== Collected material ==
+ + +

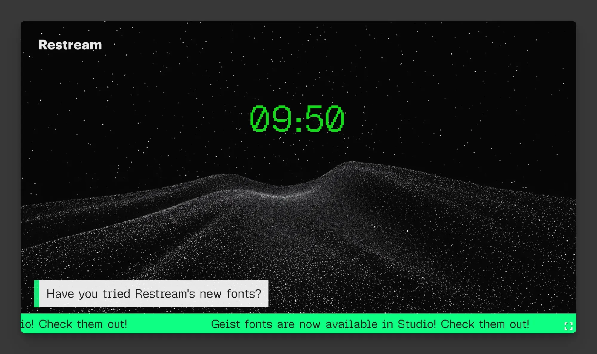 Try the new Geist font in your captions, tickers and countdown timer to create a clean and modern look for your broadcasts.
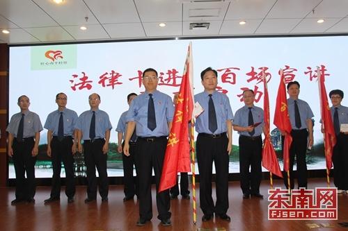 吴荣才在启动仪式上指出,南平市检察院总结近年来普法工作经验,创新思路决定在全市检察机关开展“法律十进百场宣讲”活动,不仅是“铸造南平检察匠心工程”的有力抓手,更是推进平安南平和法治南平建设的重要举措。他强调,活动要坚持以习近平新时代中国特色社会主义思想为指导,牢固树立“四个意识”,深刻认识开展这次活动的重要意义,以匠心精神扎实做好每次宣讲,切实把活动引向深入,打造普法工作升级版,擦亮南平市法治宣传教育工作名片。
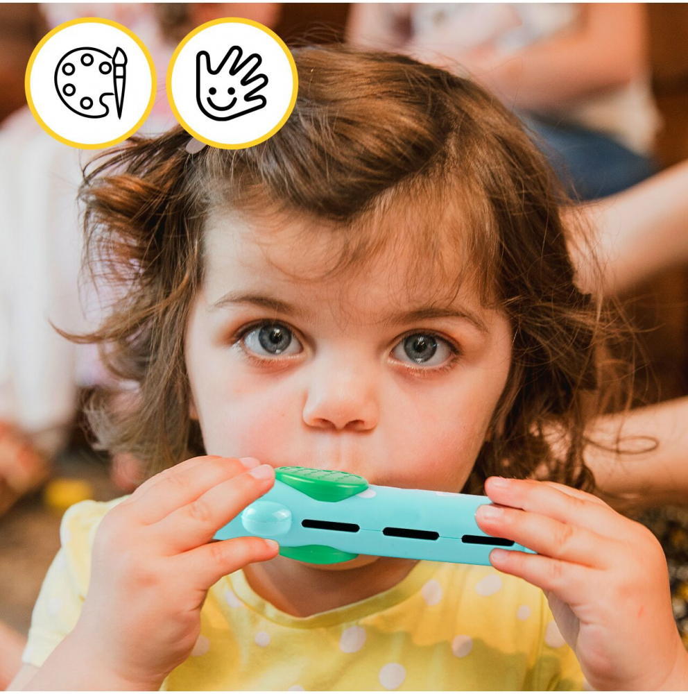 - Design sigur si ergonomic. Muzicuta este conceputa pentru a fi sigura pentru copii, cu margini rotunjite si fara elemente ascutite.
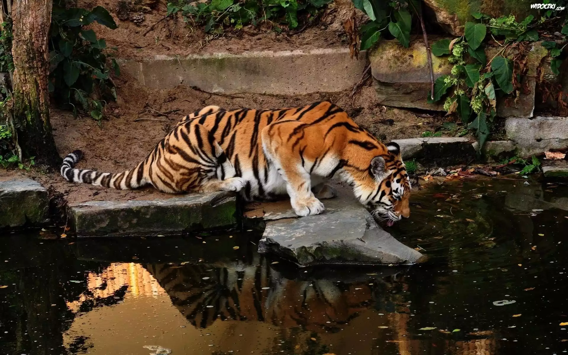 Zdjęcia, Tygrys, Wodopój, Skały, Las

+ + +

== Required action ==
Would you output the data exactly, without any of its images?

== Reply ==
 Try the new Geist font in your captions, tickers and countdown timer to create a clean and modern look for your broadcasts.
 吴荣才在启动仪式上指出,南平市检察院总结近年来普法工作经验,创新思路决定在全市检察机关开展“法律十进百场宣讲”活动,不仅是“铸造南平检察匠心工程”的有力抓手,更是推进平安南平和法治南平建设的重要举措。他强调,活动要坚持以习近平新时代中国特色社会主义思想为指导,牢固树立“四个意识”,深刻认识开展这次活动的重要意义,以匠心精神扎实做好每次宣讲,切实把活动引向深入,打造普法工作升级版,擦亮南平市法治宣传教育工作名片。
 - Design sigur si ergonomic. Muzicuta este conceputa pentru a fi sigura pentru copii, cu margini rotunjite si fara elemente ascutite.
 Zdjęcia, Tygrys, Wodopój, Skały, Las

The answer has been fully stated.